This overview maps Component 2 (Methods of Sociological Enquiry) of WJEC A-Level Sociology: the research methods, the approaches that shape method choice, sampling, the concepts that evaluate research quality, and the applied scenario task.

What Component 2 covers

Component 2 is the methodological backbone of the A-level. It tests whether you understand how sociologists gather and evaluate evidence, and whether you can apply that understanding to a research scenario by designing, justifying and evaluating a study.

The structure of Component 2

  1. Research methods and the research process. Primary methods (questionnaires, interviews, observation, experiments) and secondary sources (official statistics, documents, previous research); quantitative and qualitative data; positivist and interpretivist approaches; sampling; and the four evaluation concepts.
  2. Designing and evaluating research. Reading a scenario, designing a study and justifying the choice of method and sample, the link between theory, method and topic, and evaluating the strengths, limitations and ethics of research.
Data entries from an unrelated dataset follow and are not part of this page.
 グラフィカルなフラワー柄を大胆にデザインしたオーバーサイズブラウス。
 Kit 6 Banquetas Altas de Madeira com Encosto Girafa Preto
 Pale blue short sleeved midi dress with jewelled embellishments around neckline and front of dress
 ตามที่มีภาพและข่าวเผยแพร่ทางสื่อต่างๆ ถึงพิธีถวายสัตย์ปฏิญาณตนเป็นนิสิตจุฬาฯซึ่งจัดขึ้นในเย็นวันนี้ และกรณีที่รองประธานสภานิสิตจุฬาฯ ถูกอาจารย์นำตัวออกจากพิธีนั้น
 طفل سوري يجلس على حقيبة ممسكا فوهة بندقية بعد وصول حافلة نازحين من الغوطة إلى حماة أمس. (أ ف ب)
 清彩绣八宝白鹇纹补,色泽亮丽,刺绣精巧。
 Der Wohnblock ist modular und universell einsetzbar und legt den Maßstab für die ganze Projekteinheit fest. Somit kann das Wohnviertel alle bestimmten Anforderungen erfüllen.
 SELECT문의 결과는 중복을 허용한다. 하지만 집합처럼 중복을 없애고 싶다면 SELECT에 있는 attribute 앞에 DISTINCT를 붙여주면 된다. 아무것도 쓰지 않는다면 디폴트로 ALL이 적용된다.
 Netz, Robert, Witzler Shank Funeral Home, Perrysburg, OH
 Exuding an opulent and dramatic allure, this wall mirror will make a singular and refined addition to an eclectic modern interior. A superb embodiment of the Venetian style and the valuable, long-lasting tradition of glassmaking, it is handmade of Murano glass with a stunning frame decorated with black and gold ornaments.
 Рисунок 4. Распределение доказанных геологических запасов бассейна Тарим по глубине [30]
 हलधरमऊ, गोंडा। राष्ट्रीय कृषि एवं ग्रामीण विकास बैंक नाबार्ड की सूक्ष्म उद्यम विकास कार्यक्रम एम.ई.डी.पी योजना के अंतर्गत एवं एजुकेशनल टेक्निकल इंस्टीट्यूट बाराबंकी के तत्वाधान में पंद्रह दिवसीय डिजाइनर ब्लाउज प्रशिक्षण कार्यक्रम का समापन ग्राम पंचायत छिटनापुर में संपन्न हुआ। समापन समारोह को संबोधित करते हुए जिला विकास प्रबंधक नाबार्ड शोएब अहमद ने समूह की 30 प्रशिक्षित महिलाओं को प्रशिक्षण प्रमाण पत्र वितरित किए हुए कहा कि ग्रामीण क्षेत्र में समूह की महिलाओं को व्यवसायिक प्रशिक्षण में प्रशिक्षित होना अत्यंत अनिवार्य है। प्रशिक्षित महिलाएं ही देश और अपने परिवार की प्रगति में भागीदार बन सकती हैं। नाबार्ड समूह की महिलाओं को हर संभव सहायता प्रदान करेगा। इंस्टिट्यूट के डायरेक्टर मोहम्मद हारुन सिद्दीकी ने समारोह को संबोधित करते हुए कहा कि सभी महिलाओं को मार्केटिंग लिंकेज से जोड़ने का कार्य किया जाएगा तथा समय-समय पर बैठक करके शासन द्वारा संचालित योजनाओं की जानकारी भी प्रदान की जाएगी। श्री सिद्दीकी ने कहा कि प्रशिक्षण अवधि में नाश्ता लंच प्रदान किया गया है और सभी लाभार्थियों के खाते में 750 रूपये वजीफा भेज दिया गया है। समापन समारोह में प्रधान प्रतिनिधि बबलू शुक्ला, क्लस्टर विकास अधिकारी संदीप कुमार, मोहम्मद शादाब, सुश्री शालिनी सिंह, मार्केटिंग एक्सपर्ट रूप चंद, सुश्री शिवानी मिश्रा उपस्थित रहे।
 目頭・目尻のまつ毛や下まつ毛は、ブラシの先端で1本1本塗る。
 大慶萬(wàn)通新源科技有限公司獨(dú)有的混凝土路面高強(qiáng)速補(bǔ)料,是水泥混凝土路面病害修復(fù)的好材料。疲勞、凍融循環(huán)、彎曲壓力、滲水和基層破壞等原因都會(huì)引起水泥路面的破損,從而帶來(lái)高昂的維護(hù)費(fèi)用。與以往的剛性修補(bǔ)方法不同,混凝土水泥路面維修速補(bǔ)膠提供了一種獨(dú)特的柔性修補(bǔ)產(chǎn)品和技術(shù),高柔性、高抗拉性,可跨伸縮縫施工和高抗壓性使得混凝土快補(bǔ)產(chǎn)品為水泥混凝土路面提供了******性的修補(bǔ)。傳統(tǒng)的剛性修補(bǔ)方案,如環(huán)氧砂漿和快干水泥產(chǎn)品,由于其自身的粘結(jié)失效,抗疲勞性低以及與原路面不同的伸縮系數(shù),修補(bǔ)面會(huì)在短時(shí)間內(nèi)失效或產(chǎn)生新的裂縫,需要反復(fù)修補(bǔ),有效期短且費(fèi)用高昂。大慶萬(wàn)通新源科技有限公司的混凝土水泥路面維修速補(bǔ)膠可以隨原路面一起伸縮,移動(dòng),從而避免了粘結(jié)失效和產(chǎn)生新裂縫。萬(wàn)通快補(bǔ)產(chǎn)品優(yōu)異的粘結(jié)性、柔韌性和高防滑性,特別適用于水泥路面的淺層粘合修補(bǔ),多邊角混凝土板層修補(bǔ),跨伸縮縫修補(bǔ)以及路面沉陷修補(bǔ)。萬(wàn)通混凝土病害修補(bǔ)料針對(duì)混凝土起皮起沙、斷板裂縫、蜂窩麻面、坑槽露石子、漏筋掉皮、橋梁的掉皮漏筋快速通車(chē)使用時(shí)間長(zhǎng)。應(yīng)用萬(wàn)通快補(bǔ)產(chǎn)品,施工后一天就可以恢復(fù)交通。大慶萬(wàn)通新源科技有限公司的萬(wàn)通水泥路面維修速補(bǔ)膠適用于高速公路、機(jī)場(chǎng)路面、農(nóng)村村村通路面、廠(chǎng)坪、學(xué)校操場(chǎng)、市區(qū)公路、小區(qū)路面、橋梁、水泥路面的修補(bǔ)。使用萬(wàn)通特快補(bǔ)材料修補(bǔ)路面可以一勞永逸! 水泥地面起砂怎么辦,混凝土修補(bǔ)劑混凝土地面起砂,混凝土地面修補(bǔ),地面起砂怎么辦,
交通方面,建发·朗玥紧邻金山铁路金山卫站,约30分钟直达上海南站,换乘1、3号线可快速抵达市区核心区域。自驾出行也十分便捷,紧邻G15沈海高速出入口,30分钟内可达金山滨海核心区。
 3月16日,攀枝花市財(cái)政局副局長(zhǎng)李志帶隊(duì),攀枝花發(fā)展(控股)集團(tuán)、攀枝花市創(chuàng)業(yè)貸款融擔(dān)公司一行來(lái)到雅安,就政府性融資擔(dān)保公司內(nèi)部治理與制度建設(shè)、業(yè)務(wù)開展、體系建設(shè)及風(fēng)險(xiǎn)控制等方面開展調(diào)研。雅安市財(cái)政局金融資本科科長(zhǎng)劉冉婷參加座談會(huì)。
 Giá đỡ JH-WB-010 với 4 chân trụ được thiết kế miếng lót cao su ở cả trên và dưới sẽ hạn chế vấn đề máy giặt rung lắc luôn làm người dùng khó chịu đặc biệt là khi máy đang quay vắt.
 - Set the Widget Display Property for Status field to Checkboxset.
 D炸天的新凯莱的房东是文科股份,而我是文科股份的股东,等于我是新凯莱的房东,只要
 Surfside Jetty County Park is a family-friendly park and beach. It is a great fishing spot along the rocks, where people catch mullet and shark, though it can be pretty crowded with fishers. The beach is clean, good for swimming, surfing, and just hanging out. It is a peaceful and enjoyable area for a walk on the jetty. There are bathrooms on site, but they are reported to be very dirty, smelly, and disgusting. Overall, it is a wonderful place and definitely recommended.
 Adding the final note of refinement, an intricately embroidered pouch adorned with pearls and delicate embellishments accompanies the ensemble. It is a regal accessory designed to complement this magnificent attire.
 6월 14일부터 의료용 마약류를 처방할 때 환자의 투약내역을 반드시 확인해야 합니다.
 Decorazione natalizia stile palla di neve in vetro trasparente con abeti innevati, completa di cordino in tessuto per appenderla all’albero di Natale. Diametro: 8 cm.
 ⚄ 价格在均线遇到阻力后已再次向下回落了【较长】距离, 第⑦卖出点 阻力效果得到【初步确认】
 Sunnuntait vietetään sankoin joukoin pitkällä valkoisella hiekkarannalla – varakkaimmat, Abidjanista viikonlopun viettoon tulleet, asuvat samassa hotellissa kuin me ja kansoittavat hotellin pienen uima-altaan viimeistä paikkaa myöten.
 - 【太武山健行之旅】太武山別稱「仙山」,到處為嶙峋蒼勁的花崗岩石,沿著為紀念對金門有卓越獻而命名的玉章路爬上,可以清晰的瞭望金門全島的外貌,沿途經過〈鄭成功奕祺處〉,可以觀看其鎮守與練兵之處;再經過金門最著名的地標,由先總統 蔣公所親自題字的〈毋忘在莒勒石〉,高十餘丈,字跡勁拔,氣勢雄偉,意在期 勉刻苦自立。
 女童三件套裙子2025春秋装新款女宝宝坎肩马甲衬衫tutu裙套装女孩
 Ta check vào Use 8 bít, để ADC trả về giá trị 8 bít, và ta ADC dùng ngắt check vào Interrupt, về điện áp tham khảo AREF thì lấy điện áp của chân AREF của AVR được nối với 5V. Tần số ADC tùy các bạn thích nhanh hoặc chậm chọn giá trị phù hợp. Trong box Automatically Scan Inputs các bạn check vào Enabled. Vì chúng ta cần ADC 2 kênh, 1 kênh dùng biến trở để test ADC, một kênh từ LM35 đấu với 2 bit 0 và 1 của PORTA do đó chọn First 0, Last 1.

The four evaluation concepts

Every method is judged on validity (a true picture), reliability (repeatable consistency), representativeness (a sample that allows generalisation) and ethics (consent, confidentiality, no harm). These concepts run through every answer in the component.

How to study Component 2

  1. Know each method's strengths and weaknesses. Learn what every method is good and bad at, using the four concepts.
  2. Link method to approach. Connect quantitative methods to positivism and qualitative methods to interpretivism.
  3. Practise applying to scenarios. The exam is scenario-based, so rehearse designing and evaluating studies for novel situations.
  4. Always think trade-offs. Every choice has costs; show you can weigh them.
  5. Treat ethics seriously. Build consent, confidentiality and harm into every design and evaluation.

For the official specification

WJEC publishes the full specification, past papers and mark schemes at wjec.co.uk. Always revise from the current specification and WJEC's own past papers, because question style is board-specific.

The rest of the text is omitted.